Drumming does all that, and more, which is why it was included in the Sanctuary Weekend for Women Veterans retreat I piloted in 2009. The rhythm of drumming promotes bilateral stimulation of the brain that ” ‘jump-starts’ the natural information processing system that shuts down during trauma,” according to the Virginia Center for Neurofeedback.
“When drumming, we experience something called hemispheric synchronization, where both sides work at the same time. Scientists believe this is the basis of transcendent states of consciousness,” said Psychotherapist Robert Lawrence Friedman, author of The Healing Power of the Drum.
The physiological shift has a profound genetic counterpart.
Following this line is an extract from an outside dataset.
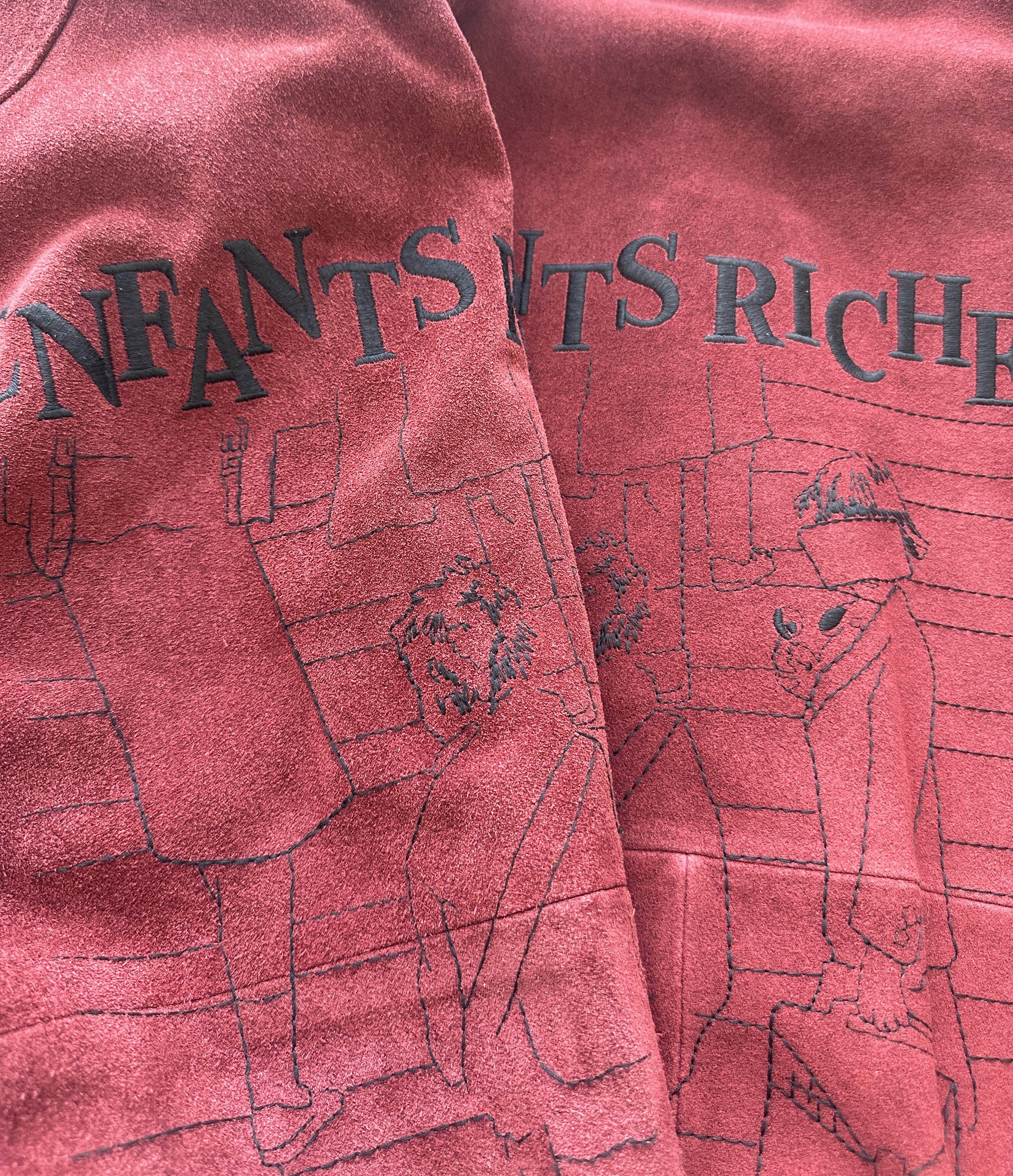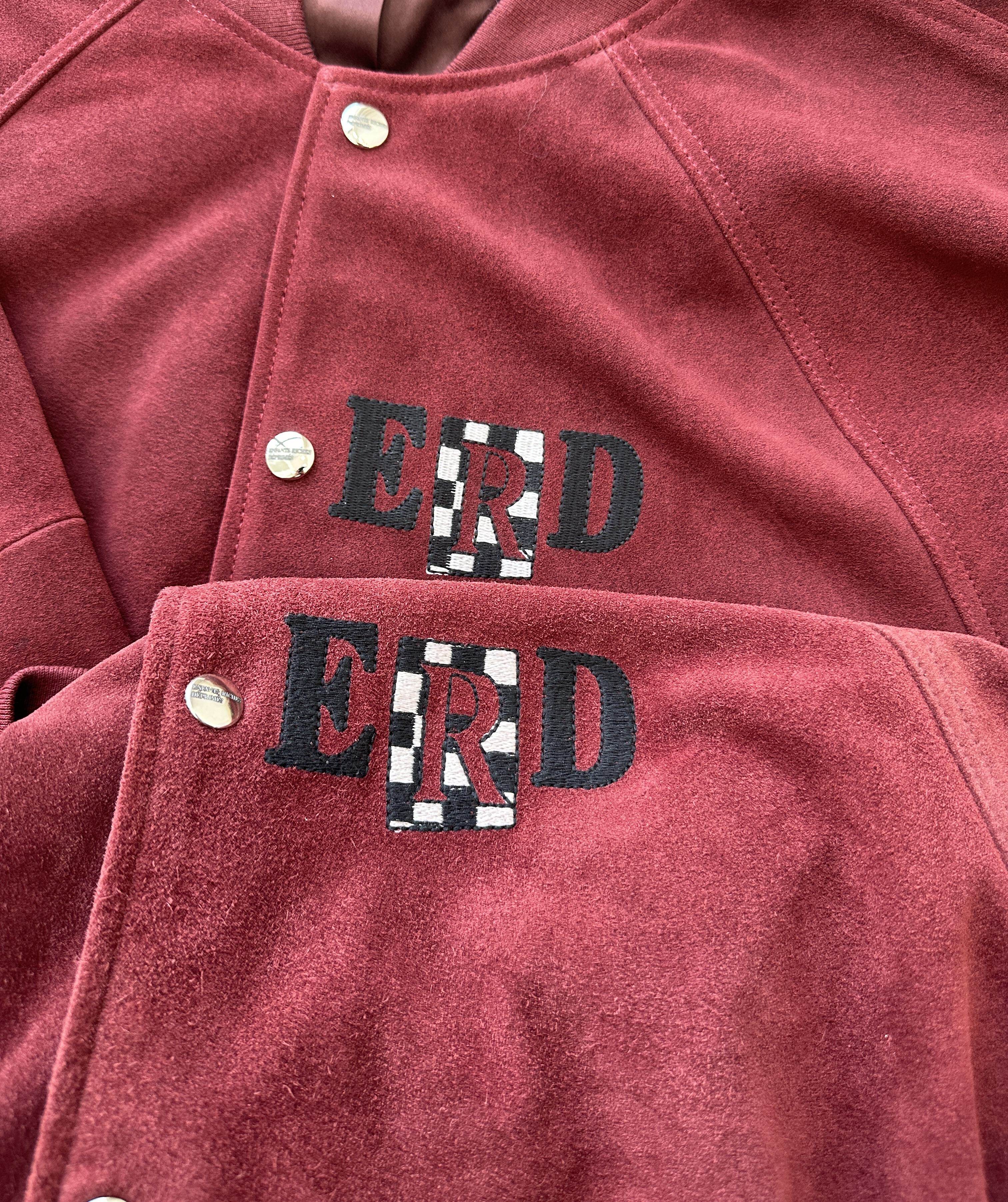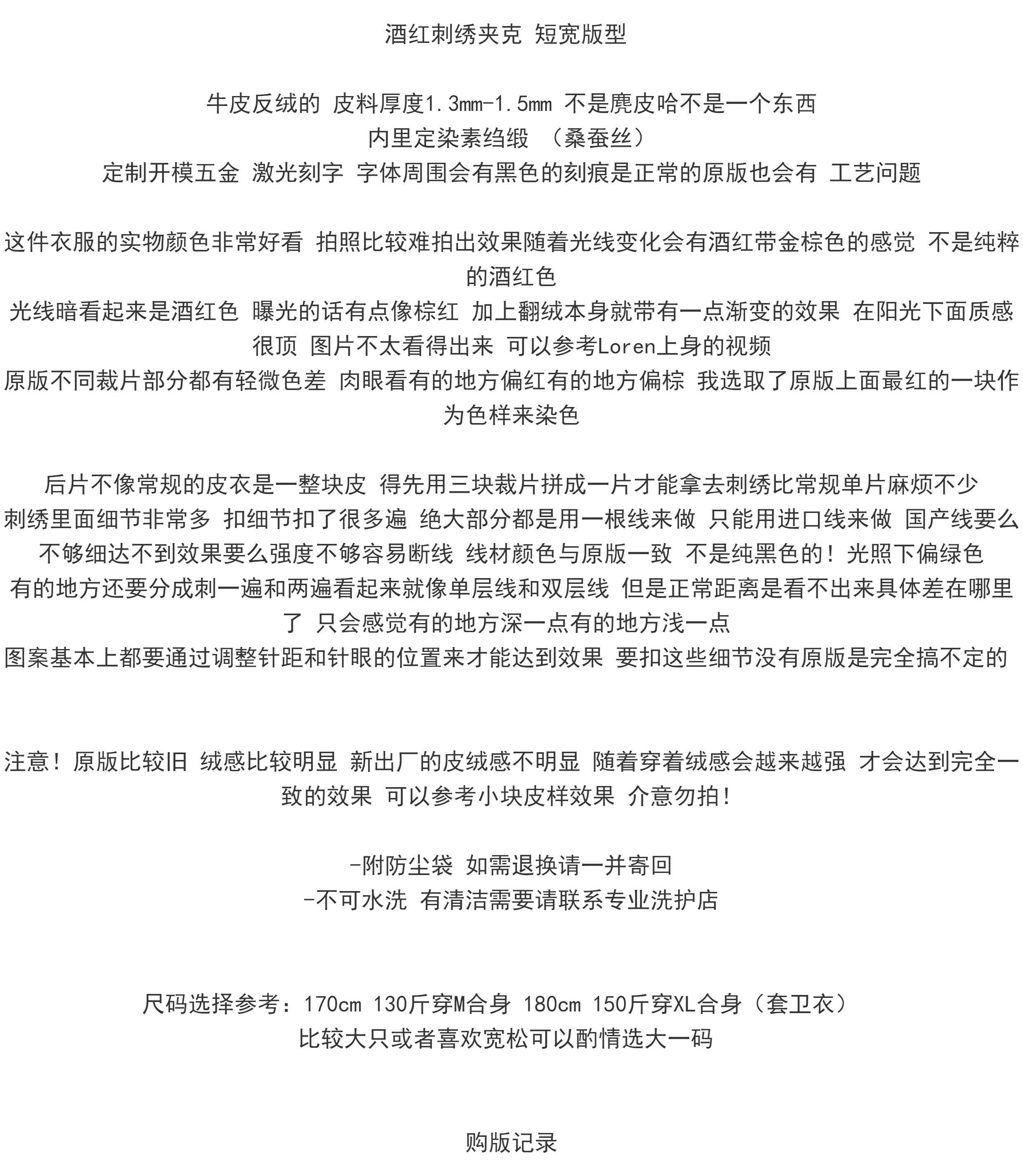 Loren's Same Style Erd Melancholic Rich Second-Generation Wine Red Jacket, Genuine Leather Suede Embroidered Short Wide Leather Jacket Bomber

According to a 2005 study, “drumming changes the way an individual responds to stress on a molecular level,” Muhammad A. Sharof, PhD, senior staff scientist at Applied Bio systems, stated. “We showed for the very first time, that we could turn off the DNA-based switches that literally turn on components of human stress responses.'”
A subsequent study (“Drumming Through Trauma: Music Therapy With Post-Traumatic Soldiers,” Science Direct Journal, 2008) reported “a reduction in PTSD symptoms was observed following drumming, especially increased sense of openness, togetherness, belonging, sharing, closeness, connectedness and intimacy, as well as achieving a nonintimidating access to traumatic memories, facilitating an outlet for rage and regaining a sense of self-control.”
For one female veteran who had swallowed her rage and traumatic memories of being raped by her commanding officer for years, the drumming circle created a safe container for finally breaking her silence about the assault.
“This,” she said, “would have given me a reason to live in my first year after the deployment.”
As the wars wind down, and the deployments end, there will be a tsunami of warriors struggling with the psychic equivalent of a sucking chest wound. Until we the people have evolved to the point where we are willing to cure those wounds by preventing the wars that inflict them, applying the arts to the gaping holes in our soldier’s souls may be some of the best medicine around.